Task brief: Your answer should consist only of the lines below from the one with "项目距离21号线大观南路站约" through the one with "なお、競合で Markdown Quick", copied exactly.

Raw data:
= Beginning of Section =
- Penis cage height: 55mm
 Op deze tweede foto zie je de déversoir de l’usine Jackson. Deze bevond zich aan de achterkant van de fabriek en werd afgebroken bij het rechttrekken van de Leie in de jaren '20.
= End of Section =
= Beginning of Section =
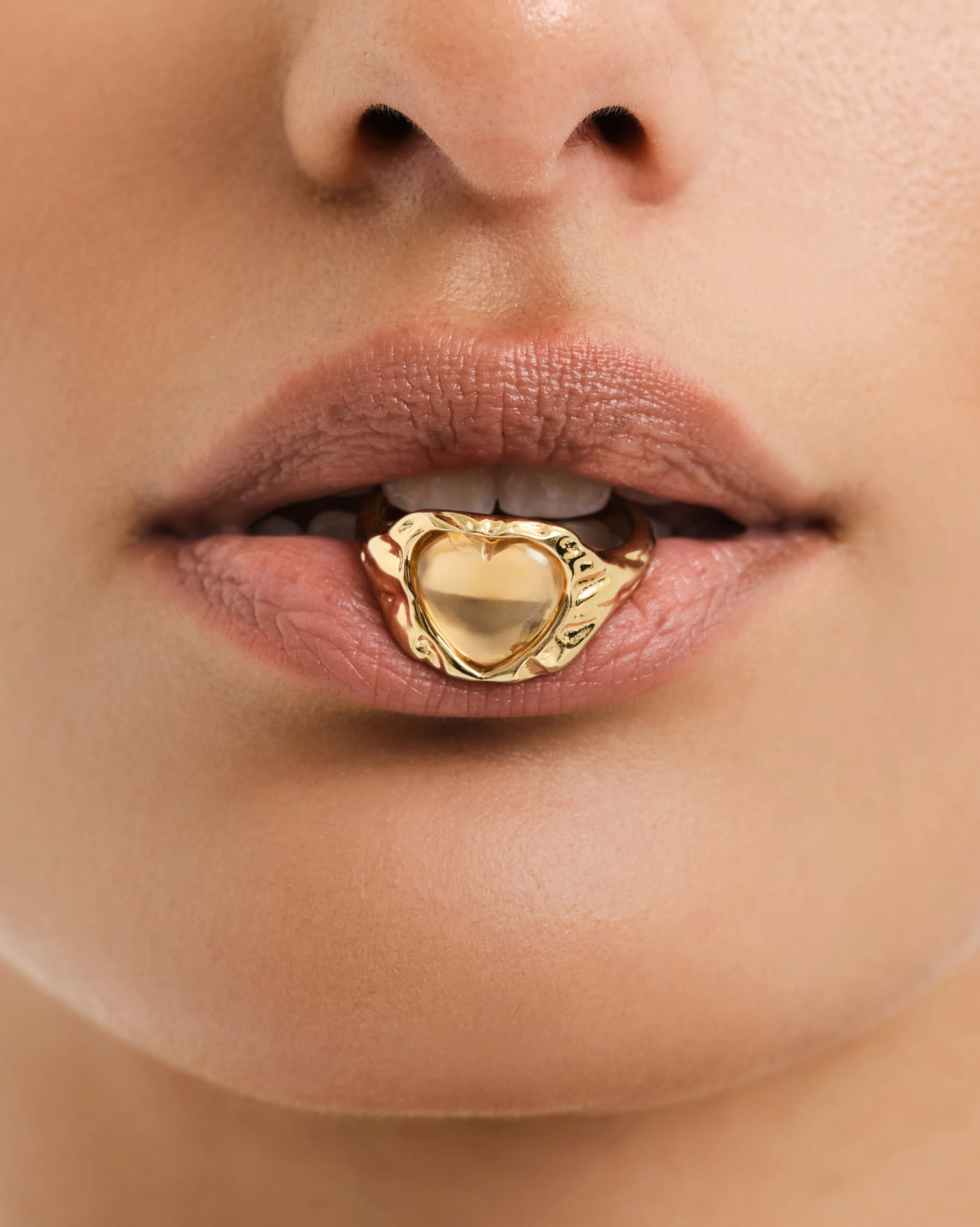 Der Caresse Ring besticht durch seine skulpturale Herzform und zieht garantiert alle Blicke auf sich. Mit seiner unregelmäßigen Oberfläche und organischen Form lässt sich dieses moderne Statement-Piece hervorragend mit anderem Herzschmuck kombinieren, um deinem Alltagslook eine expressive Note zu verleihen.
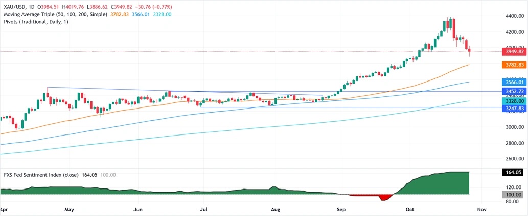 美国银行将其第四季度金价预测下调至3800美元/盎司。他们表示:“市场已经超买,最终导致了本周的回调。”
= End of Section =
= Beginning of Section =
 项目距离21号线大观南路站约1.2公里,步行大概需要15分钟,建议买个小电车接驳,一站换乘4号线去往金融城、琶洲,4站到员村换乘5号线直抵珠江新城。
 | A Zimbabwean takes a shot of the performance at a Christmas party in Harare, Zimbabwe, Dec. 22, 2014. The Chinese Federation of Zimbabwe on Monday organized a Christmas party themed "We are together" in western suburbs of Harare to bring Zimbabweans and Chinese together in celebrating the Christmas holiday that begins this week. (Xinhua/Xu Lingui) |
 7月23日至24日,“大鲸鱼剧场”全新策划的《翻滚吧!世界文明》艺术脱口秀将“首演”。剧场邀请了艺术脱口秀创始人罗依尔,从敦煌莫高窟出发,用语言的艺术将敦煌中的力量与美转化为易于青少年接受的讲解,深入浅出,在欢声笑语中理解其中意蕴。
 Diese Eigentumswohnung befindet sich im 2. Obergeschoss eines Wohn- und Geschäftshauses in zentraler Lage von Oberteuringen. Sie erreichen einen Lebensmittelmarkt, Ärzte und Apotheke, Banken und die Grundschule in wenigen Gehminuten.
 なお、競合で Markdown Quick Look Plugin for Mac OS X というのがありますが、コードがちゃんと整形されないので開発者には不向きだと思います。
= End of Section =
Output:
 项目距离21号线大观南路站约1.2公里,步行大概需要15分钟,建议买个小电车接驳,一站换乘4号线去往金融城、琶洲,4站到员村换乘5号线直抵珠江新城。
 | A Zimbabwean takes a shot of the performance at a Christmas party in Harare, Zimbabwe, Dec. 22, 2014. The Chinese Federation of Zimbabwe on Monday organized a Christmas party themed "We are together" in western suburbs of Harare to bring Zimbabweans and Chinese together in celebrating the Christmas holiday that begins this week. (Xinhua/Xu Lingui) |
 7月23日至24日,“大鲸鱼剧场”全新策划的《翻滚吧!世界文明》艺术脱口秀将“首演”。剧场邀请了艺术脱口秀创始人罗依尔,从敦煌莫高窟出发,用语言的艺术将敦煌中的力量与美转化为易于青少年接受的讲解,深入浅出,在欢声笑语中理解其中意蕴。
 Diese Eigentumswohnung befindet sich im 2. Obergeschoss eines Wohn- und Geschäftshauses in zentraler Lage von Oberteuringen. Sie erreichen einen Lebensmittelmarkt, Ärzte und Apotheke, Banken und die Grundschule in wenigen Gehminuten.
 なお、競合で Markdown Quick Look Plugin for Mac OS X というのがありますが、コードがちゃんと整形されないので開発者には不向きだと思います。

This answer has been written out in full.